Iran Beriwan (27) kämpft gegen die Mullahs in Teheran
Beriwan kämpft im Iran für eine militante Untergrundorganisation und will den Sturz des Regimes. US-Sanktionen aber lehnt sie ab. Ein Wechsel müsse von innen kommen.
- von
- Ann Guenter
Erwartet hatten wir Tarnanzug und Kalaschnikow, doch sie kam mit einer schwarzer Lacktasche und perfekt gezupften Augenbrauen. So sieht man Beriwan (27) nicht an, dass sie ein Mitglied der militanten kurdischen Untergrundgruppe Partei für ein Freies Leben in Kurdistan (PJAK*) ist. «Wir sind ständig in Bewegung», erzählt sie. «Unsere Basis liegt in den Kandil-Bergen, aber wir kommen auch in geheimen Safehouses in iranischen und nordirakischen Städten unter.»
Der Kampf gegen das Regime in Teheran, das die Kurden als Volk nicht anerkennt, ihre politischen Parteien verbietet und den Frauen den Schleier aufzwingt, hat bislang Beriwans Leben bestimmt. Für ihren Lebenstraum – mehr Autonomie für die Kurden im Iran – verzichtet die 27-Jährige auch auf Kinder. «Wieso eine Seele auf die Welt bringen, wenn sie nicht frei sein kann?», sagt sie bei unserem Treffen, das Ende Jahr im Nordirak stattfand.
«Es endet immer gleich: im Gefängnis»
Im Land komme es seit Monaten zu Protesten, was im Westen lange Zeit unbemerkt geblieben war. Das Klima sei angespannt. «Diejenigen, die die Proteste organisieren, gehen riesige Risiken ein. Sie werden der politischen Umtriebe angeklagt oder es werden ihnen Verbrechen angedichtet. Es endet immer gleich: im Gefängnis.»
Das Leben in Iran bezeichnet die PJAK-Kämpferin als «unangenehm»: «Der Druck auf Teheran durch die US-Sanktionen wird direkt an die Bevölkerung weitergegeben.» Die Arbeitslosigkeit sei hoch, die Steuern ebenso. Die, die einen Job hätten, erhielten kaum noch Lohn. «Vor einem Jahr kostete ein Glas Konfi 2000 umgerechnet keine vier Rappen. Heute sind es 18'000 Rial, etwa 40 Rappen. Alles ist sehr teuer geworden. Ein normales Leben ist kaum möglich.»
«Weder Essen noch Arbeit»
Gerade in den Kurdengebieten im Nordwesten Irans gebe es weder Arbeit noch Essen. «Aus dieser Not holen viele Waren im Nordirak, um sie im Iran weiterzuverkaufen», so Berivan. «Werden sie erwischt, klagt man sie wegen Drogen- oder Waffenschmuggels an und richtet sie hin.»

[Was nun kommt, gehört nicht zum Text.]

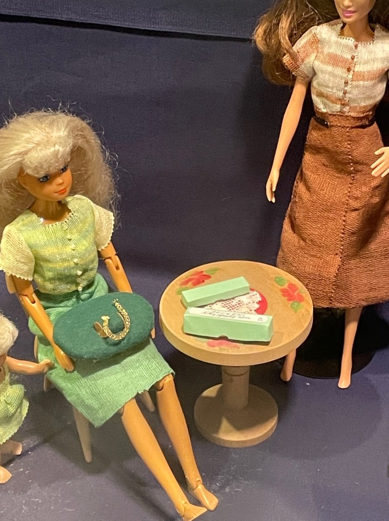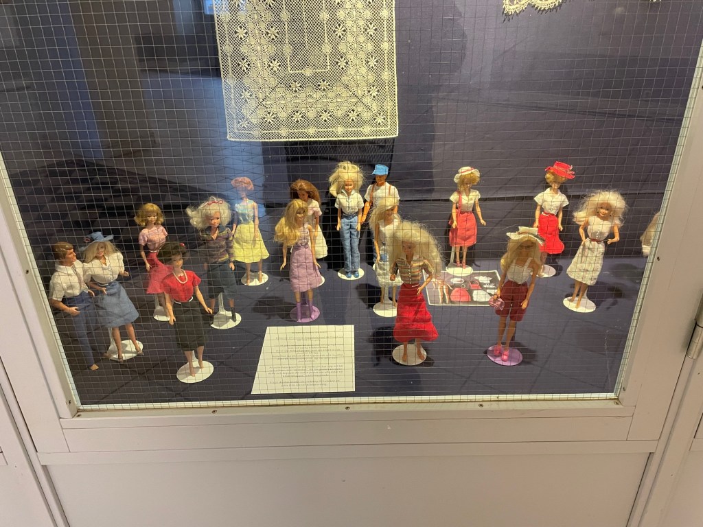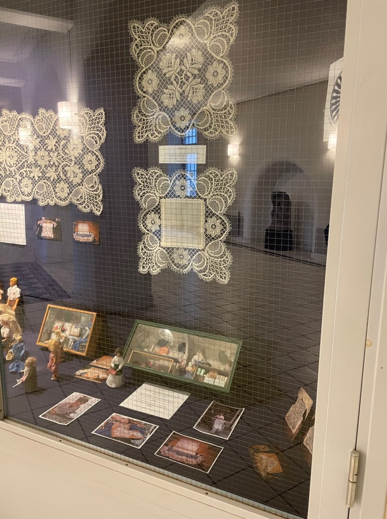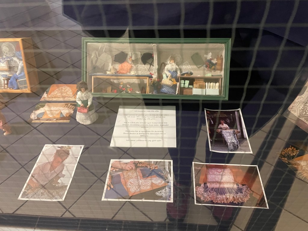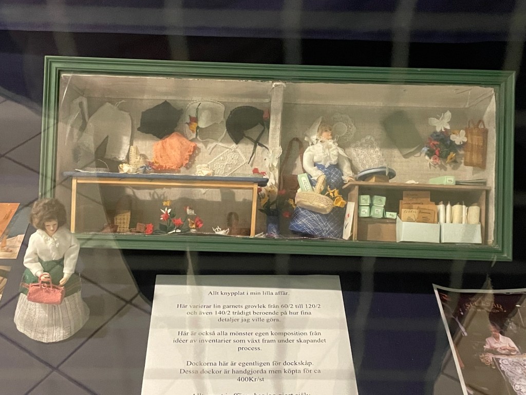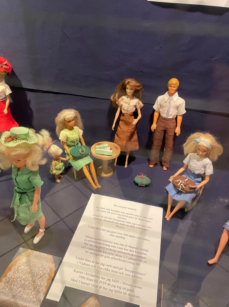 Har du vägarna förbi biblioteket i Vadstena? Gå då in och titta på Harriet Anderssons utställning! Jag tog lite bilder i lördags till er som inte har möjlighet att åka dit. Hon är som ni redan vet väldigt skicklig, båda att knyppla men även att sy kläder. Kläderna till dockorna är tillverkade enligt konstens alla regler, som om de skulle sys till en människa. Skillnaden nu är att allt, inklusive underkläder, är knypplade. I utställningen finns även hennes minibutiker. T.o.m. små minikartonger för garn och annat kan ni se där. Det är också några imponerande dukar uppsatta på väggen. Mönstrena till dessa kommer från Elsa Petersons Spetsaffär, och Harriet har vid olika år knypplat på dessa utanför butiken på Storgatan 23. Det är ett tunt metallgaller i fönsterrutorna, vilket gör att en del bilder kan vara lite otydliga. Jag hann även med ett besök vid graven. Mamma fyllde 99 år i torsdags den 6/10 och så var det namnsdag i fredags 7/10 (Birgitta), så vi hade lite att fira.

Ist es nicht im Interesse der PJAK, wenn die US-Regierung mit wirtschaftlichen Sanktionen den Unmut in der Bevölkerung wecken und das Regime in Teheran in die Knie zwingen will? «Nein», sagt Beriwan. «Denn die wirtschaftlichen Strafsanktionen treffen als Erstes das iranische Volk. Das ist nicht in unserem Sinne. Wir arbeiten für, nicht gegen das Volk.»
«Es liegt am Volk»
Die aktuellen Proteste in Iran werden das Regime in Teheran in den kommenden Monaten nicht zum Stürzen bringen. Und doch stellen die immer breiter abgestützten und immer kürzer werdenden Protestwellen laut Beobachtern eine fundamentale Gefahr für den Fortbestand der Islamischen Republik dar. Die Kämpferinnen der PJAK dürften die Entwicklungen im Land mit Hoffnung verfolgen. Ausländische Interventionen, die auf einen Regimewechsel abzielen, lehnen sie gleichwohl ab: «Es liegt am Volk, das System von innen heraus zu ändern.»
* Die PJAK ist eine militante kurdische Untergrundorganisation im Iran und eine Schwesterorganisation der PKK. Im Gegensatz zur PKK ist die PJAK in Europa nicht als Terrororganisation gelistet. Seit 2004 führt die PJAK einen bewaffneten Kampf für mehr Autonomie der Kurden Irans, lehnt die Scharia und Kopftuchpflicht ab und setzt sich für Frauenrechte ein.